There’s a calm at Kettle Wind Farm on a hot summer day, but storm clouds are forming some 50 miles north in the nation’s capital.
Stephanie Cornnell’s parents established the 800-acre Nokesville, Virginia, farm in 1968. These days, she runs it with her father, Paul House, and her brother, growing turf, row crops, and grain. It’s one of about 2.2 million family farms left in the United States, but proposed changes to the tax code could dramatically affect the clan’s livelihood — and nest egg.
“It’s like a legacy,” Cornnell said. “It’s hard to put it into words.”
“This land and stuff, we didn’t build it just for the todays, this is for the future,” she added.
President Joe Biden is proposing raising the capital gains tax and changing the way inherited assets are valued in order to pay for the $1.8 trillion American Families Plan.
While capital gains represent the appreciation of an asset from the time it is acquired to the time it is transferred, the value of certain property left to an heir can be “stepped-up” from the original cost to the present value for tax purposes.

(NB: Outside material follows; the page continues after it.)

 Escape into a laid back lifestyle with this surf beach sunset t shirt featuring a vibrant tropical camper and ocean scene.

That typically reduces the capital gains liability.
The Biden proposal would exempt couples from capital gains taxes on the first $2 million they inherit, and the administration assures family farmers that no capital gains taxes would be due as long as the farm stays in the family.

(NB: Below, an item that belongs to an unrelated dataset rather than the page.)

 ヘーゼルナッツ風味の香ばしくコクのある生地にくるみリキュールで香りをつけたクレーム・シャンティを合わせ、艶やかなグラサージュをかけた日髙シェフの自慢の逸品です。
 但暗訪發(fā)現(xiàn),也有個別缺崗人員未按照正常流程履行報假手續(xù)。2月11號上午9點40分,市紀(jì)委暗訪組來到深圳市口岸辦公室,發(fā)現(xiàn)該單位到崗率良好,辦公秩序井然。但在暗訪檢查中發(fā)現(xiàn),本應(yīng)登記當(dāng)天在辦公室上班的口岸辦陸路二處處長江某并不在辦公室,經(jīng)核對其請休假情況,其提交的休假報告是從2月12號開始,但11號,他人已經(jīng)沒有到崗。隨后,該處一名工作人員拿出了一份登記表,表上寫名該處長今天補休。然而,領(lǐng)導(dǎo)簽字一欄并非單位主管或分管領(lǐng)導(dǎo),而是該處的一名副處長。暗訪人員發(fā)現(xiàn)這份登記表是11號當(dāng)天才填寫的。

Like many family farmers, the House family’s savings are almost entirely tied up in its farm. If the family passes the farm down, the next generation may be hard-pressed to earn a living from it. If it’s sold, the family could be looking at an enormous tax bill.
“Agriculture, we’re asset-rich and cash-poor,” said Veronica Nigh, the American Farm Bureau Federation’s acting chief economist.
But Ben Ritz, of the Progressive Policy Institute, says avoiding taxes on huge capital gains just so a new generation can inherit valuable property or sale proceeds is unjust.
“I think people who are inheriting these assets are already starting with an advantage, not based on their own work but previous generations’, and I think it’s worth trying to make sure everyone is competing on an even playing field,” Ritz said.
He said the so-called step-up in basis should be eliminated and those who inherit farms should pay taxes on the increased value of what is left to them.
“Every dollar we are not raising from repealing stepped-up basis or setting a more fair structure for capital gains is a dollar we have to raise by taxing a teacher’s income or an entrepreneur’s investment,” Ritz said.
Cornnell hopes to continue the family tradition but is watching closely to see how changes to the tax code affect the future of her family’s farm.
“The farm is my life,” she said. “It’s more than a job, it’s a lifestyle,” Cornnell said.